Bestaan snelwegschutter onwaarschijnlijk
DRIEBERGEN (ANP) – Politie en justitie denken dat er nooit iemand is geweest die op snelwegen auto’s heeft beschoten. De zogenoemde snelwegschutter is na uitgebreid onderzoek niet gevonden. De oorzaak van het sneuvelen van autoruiten is niet in alle gevallen bekend, in sommige gevallen was sprake van steenslag.

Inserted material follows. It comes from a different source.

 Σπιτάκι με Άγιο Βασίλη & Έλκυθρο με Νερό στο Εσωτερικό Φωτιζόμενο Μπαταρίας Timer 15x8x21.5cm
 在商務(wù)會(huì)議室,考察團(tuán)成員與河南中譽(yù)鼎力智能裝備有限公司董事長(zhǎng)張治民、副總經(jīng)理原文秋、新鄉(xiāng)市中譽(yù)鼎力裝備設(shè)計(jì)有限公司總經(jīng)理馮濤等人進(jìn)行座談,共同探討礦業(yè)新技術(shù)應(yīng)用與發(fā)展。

Dat hebben het Korps landelijke politiediensten (KLPD) en het Openbaar Ministerie (OM) vrijdag bekendgemaakt. Tussen augustus en november waren er 179 incidenten, de meesten vonden plaats rond Rotterdam. Al snel was er sprake van een mogelijke snelwegschutter.
Bij de politie kwamen 600 tips binnen die onder meer leidde tot drie aanhoudingen, maar uiteindelijk niets concreets opleverden. Dat het vrijwel zeker is dat er geen snelwegschutter bestaat, concludeert de politie uit diepgaand onderzoek. Zo is bijvoorbeeld gekeken naar glasbreukschade in het algemeen.

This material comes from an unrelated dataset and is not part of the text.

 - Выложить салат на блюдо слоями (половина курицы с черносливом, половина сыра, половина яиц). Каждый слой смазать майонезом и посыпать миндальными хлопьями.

Cijfers van twee glasschadeherstelbedrijven laten zien dat wekelijks en maandelijks „een zeer groot aantal” zij- en achterruiten breken door een niet-opzettelijke oorzaak zoals steenslag. Dat onderbouwt de conclusie van de politie dat een opzettelijke oorzaak van de gebroken ruiten onwaarschijnlijk is.
Tegelijkertijd constateerde het Nederlands Forensisch Instituut (NFI) dat het vanaf een vaste locatie praktisch onmogelijk is om een rijdende auto te raken met een luchtdrukwapen of katapult. Dat kan wel vanuit een rijdende auto. Daarom wil de politie de mogelijkheid van een beschieting niet uitsluiten.
Het KLPD en het OM verdedigen de grote inzet van de politie omdat er op 7 augustus een opvallende piek van incidenten was. „Dat samen met het idee dat er mogelijk een snelwegschutter aan het werk was, rechtvaardigt de grote inzet”, aldus officier van justitie Henric Rebel. Er werd wel een keer een balletje gevonden maar daarop zaten geen krassporen zoals die wel voorkomen op een afgevuurde kogel.